Il lâcha doucement son bras lorsqu'il fut sûr qu'elle n'allait pas faire demi-tour et il retomba contre son oreiller, la regardant se rapprocher du lit avec une hésitation évidente. Il était conscient que ce qu'il lui demandait n'était pas anodin, dormir avec un garçon devait la perturber, mais il ne voulait pas qu'elle se prive de sommeil alors qu'il pouvait l'aider. Et ce n'était pas comme s'il comptait tenter quoi que ce soit de toute façon...

-Je ne vais pas te manger Kirenai-chan...

-Je sais...

Sa voix ressemblait à un souffle fragile, et il essaya de lui sourire pour la rassurer. Elle finit par s'assoir, et glissa ses jambes sous les couvertures que le blond s'empressa de rabattre, comme s'il avait peur qu'elle ne se relève soudainement.

-Allez, maintenant on dort, on parlera demain.

Il la regarda poser sa tête sur l'oreiller et lui tourner instinctivement le dos, avant de lui-même faire face au mur. Oui, ils parleraient demain... Il ne mit que deux secondes à se rendormir, un sourire apaisé aux lèvres.


-Putain de boulot à la con...

Risa ferma la porte arrière de la boutique à clef et fourra le trousseau dans sa poche. Si elle n'était pas obligée de gagner de l'argent pour pouvoir payer son loyer, il y aurait bien longtemps qu'elle aurait cessé de bosser. Prendre les commandes de types à moitié ivres morts n'était définitivement pas son truc, sans compter que c'était elle qui avait dû faire la fermeture ce soir. Par conséquent, elle s'était retrouvée seule dans un bar mal éclairé, à deux heures du matin. On faisait mieux comme samedi soir. Ou plutôt dimanche matin vu l'heure peu avancée. Elle ajusta son sac en bandoulière sur son épaule et secoua la tête. Elle était crevée. En plus de cela, il faisait froid, et elle n'était pas tout près de chez elle.

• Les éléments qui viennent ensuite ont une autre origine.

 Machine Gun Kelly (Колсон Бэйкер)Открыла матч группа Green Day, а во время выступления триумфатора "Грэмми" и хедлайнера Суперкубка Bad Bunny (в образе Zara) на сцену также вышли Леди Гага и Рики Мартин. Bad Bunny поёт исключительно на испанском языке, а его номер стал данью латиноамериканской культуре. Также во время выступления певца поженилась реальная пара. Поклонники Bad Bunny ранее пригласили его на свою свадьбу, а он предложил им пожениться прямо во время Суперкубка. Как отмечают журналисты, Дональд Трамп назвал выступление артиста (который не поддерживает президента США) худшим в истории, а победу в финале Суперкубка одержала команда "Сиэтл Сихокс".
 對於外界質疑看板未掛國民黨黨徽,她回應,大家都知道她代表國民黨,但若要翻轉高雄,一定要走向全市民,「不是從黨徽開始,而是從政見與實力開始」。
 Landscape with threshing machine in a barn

Vu l'heure, il n'était pas question de s'attendre à attraper un bus, elle allait devoir marcher. Heureusement qu'elle était un minimum sportive... Elle commença à avancer sur le trottoir désert, se remémorant sa journée qui avait été des plus banales. Un frisson remonta le long de sa colonne vertébrale alors qu'elle se rappelait de la main brûlante d'un client qui l'avait attrapé par le bras. Heureusement que son patron refusait catégoriquement qu'on touche à ses serveuses... Dans d'autres bars de ce genre, si cela avait pu lui rapporter un peu d'argent, il n'aurait pas hésité à le laisser l'embarquer dans une chambre à l'étage. Mais là où elle travaillait, les clients avaient le droit de regarder, de parler, mais certainement pas de toucher. La plupart des employés étaient mineurs, et ça la foutrait mauvaise si l'une d'elle portait plainte pour viol. Alors le patron faisait gaffe. Là dessus, Aoki ne pouvait pas trop se plaindre.

-Oi oi oi, qu'est-ce qu'on a là...? Une jolie brunette un peu perdu...

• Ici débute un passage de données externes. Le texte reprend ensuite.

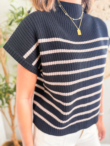 Add a touch of sophistication and style to your wardrobe with our Stripe Mock Neck Short Sleeve Knit Sweater. Crafted with premium quality material...
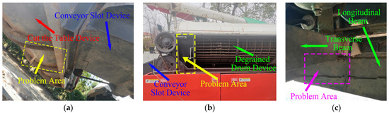 The problem area of vibration transmission paths. (a) The problem area of the cutting table. (b) The problem area of the connection. (c) The problem area of the frame.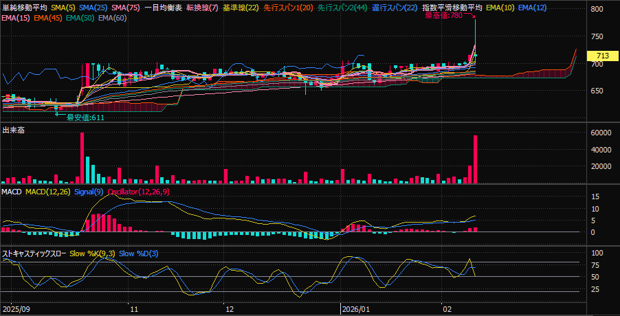 それなのに株価は引けにかけて押し戻され、「急騰不発」に見えるチャートになりました。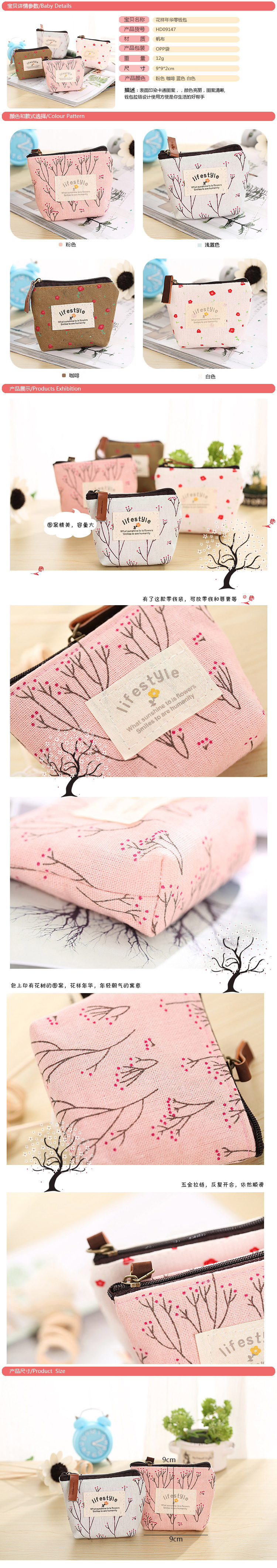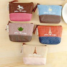 韩版田园风格硬币包 棉麻时光创意帆布小零钱包 钥匙包批发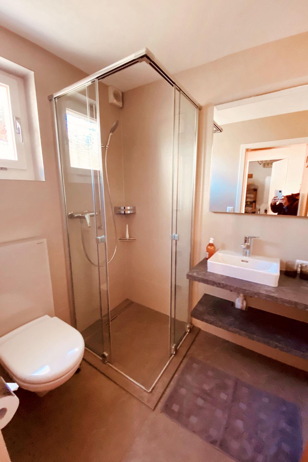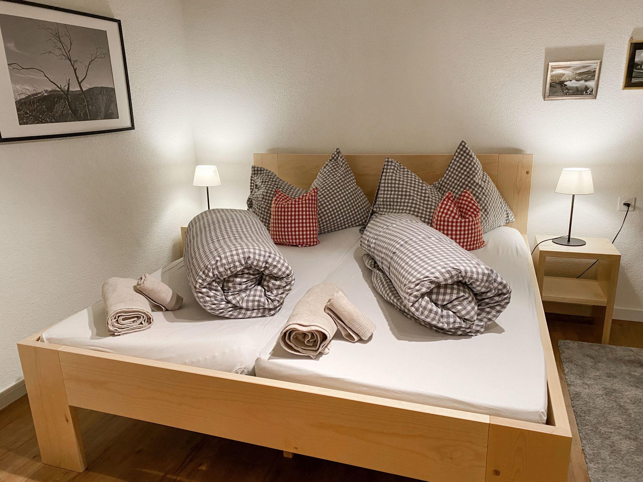 "Schumellins (LAA400)", 1-room apartment 35 m2, on the ground floor, south facing position. Renovated in 2021, tasteful and cosy furnishings: living/sleeping room with 1 double bed, dining table and cable TV (flat screen). Exit to the terrace. Open kitchen (oven, dishwasher, 2 ceramic glass hob hotplates, electric coffee machine, raclette grill, fondue Set (chinoise, cheese)). Shower/WC. Oil heating. Terrace. Terrace furniture, barbecue, deck chairs (2). Beautiful panoramic view of the lake, the mountains, the countryside and the resort. Facilities: Internet (WiFi, extra). Parking (roofed) at the house. Please note: non-smoking house. Maximum 2 pets/ dogs allowed. Private entrance.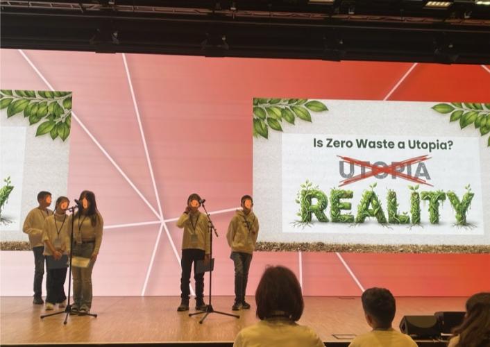 Η παρουσίαση των παιδιών μας έκλεψε τις εντυπώσεις, ολοκληρώνοντας με το συγκινητικό τραγούδι «Save the Planet». Οι στίχοι των εκπαιδευτικών κ. Κουμούδη και κ. Λαμπρακάκη, σε μελωδία του κ. Χανιώτη, πλαισιώθηκαν από ένα βίντεο με όλους τους μαθητές των τάξεων να ενώνουν τις φωνές τους για τον πλανήτη.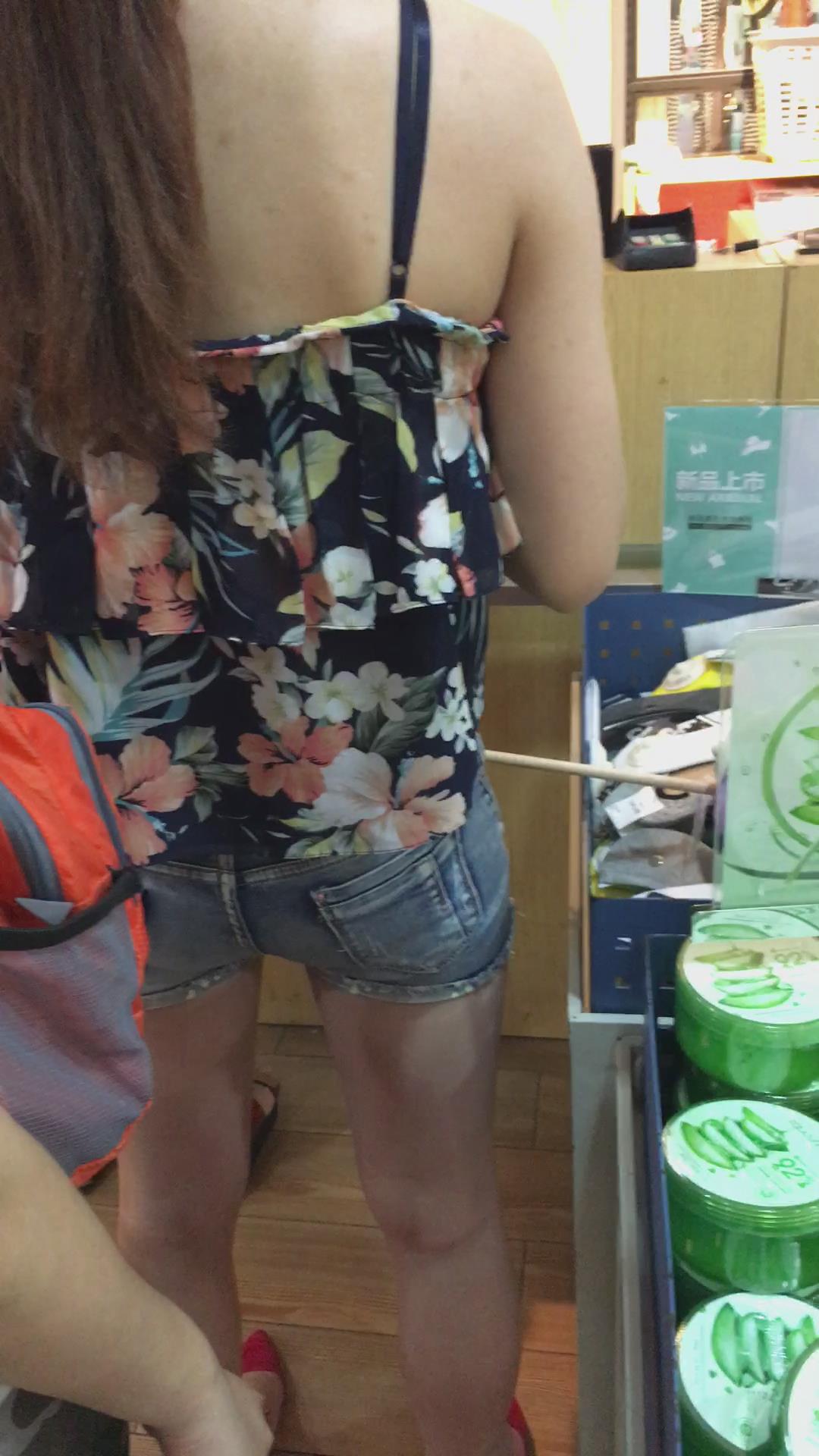 超市收银台结账的吊带衫短牛仔热裤妹子 编号4179

Ca, ce n'était pas bon signe... Ses muscles se bandèrent d'eux même et elle se retourna doucement. Deux hommes d'environ vingt-cinq, peut-être trente ans se tenaient là, les yeux brillants. Non, définitivement pas bon...

-La jolie brunette vous emmerde ! cracha-t-elle avant de se rendre compte qu'elle aurait mieux fait de partir en courant.

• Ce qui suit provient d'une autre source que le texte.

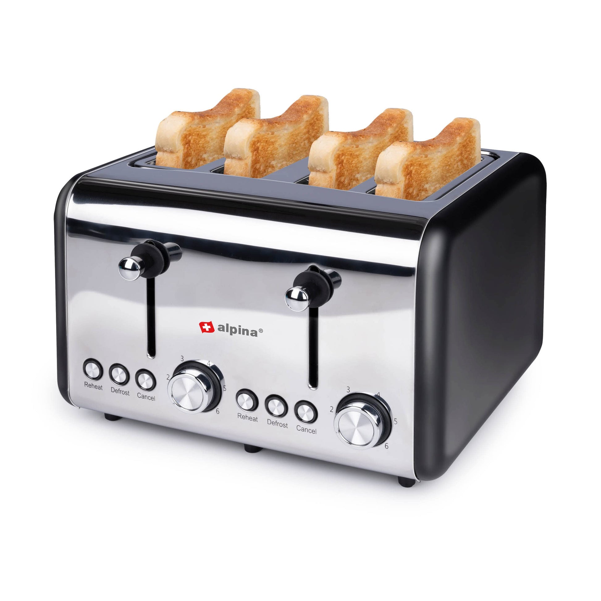 alpina tosteris - 4 šķēles maizes - 230V/1500W - 6 brūnināšanas līmeņi - atkausēšana - uzsildīšana - tosteris - sudrabs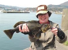 釣れたのは45cmクラスの見事なアブラコ(アイナメ)テキサスリグにグラブ系ワームでのヒット!今日のみさちんさん絶好調です!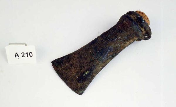 Ascia a taglio ricurvo con immanicatura cilindrica e piccolo anello di sospensione (Tipo Manduria).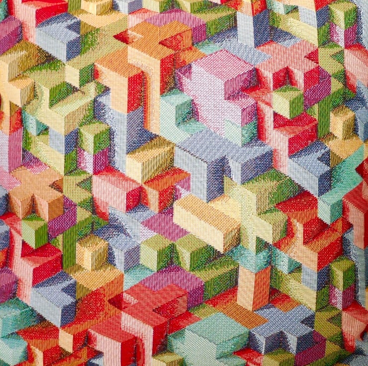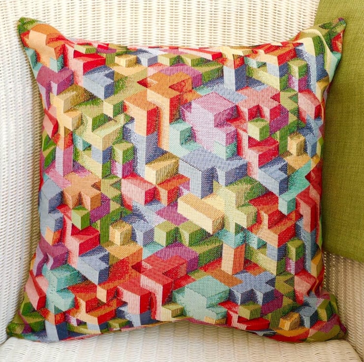 Blocks design Tapestry Cushion Cover / Green reverse.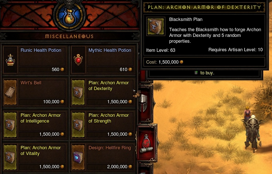 The Plans to create four types of Archon Armor, purchasable from Squirt in v1.07. Image taken from the PTR during testing, and subject to change in the final implementation.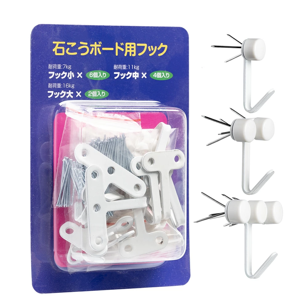 石膏ボード用(Jフック)として設計。極細2.5cmピンで奥までしっかり固定でき、時計・絵画・額縁など幅広く安定して掛けられます。

-Oh, elle a du caractère la demoiselle.

Le plus grand des deux fit un pas en avant, Risa eu le réflexe d'en faire un en arrière, mais cela ne fit qu'agrandir le sourire de l'homme.

-Elle est pas farouche la gamine...

C'était le moment. Elle se retourna vivement et partit en courant, aussi vite que ses jambes le lui permettaient. Elle pouvait les semer. Oui, elle pouvait le faire. Elle tourna à gauche au prochain croisement, elle entendait les chaussures de ses assaillants frapper durement le bitume, lui prouvant qu'ils la suivaient. Mais elle arriverait à les semer. Oui, elle y arriverait... Elle réussit à rejoindre la grande artère, encore un peu fréquentée malgré l'heure, et continua de courir sur quelques mètres. Tant qu'il y avait du monde autour d'elle, elle ne risquait rien. Elle s'appuya à la devanture d'un magasin, reprenant son souffle, pliée en deux. Elle jeta un coup d'œil par dessus son épaule, pour croiser le regard désormais brillant de rage d'un des deux hommes. Mais il fit demi-tour et s'éloigna, l'air de rien. Elle soupira de soulagement, se redressa et étira son dos douloureux. Voila pourquoi elle détestait faire la fermeture... Elle rejoignit son appartement au pas de course et s'y enferma à double-tour, ne prenant même pas la peine d'allumer la lumière. Elle éjecta ses chaussures dans un coin et soupira.

-Journée de merde...


-Aoki-san, si tu pouvais arrêter de me suivre, ça m'arrangerait.

-Ah ? Pourquoi ?

-Parce que si tu veux assister à l'entrainement, tu n'as qu'à faire comme tout le monde au lieu de te servir de moi comme d'une excuse.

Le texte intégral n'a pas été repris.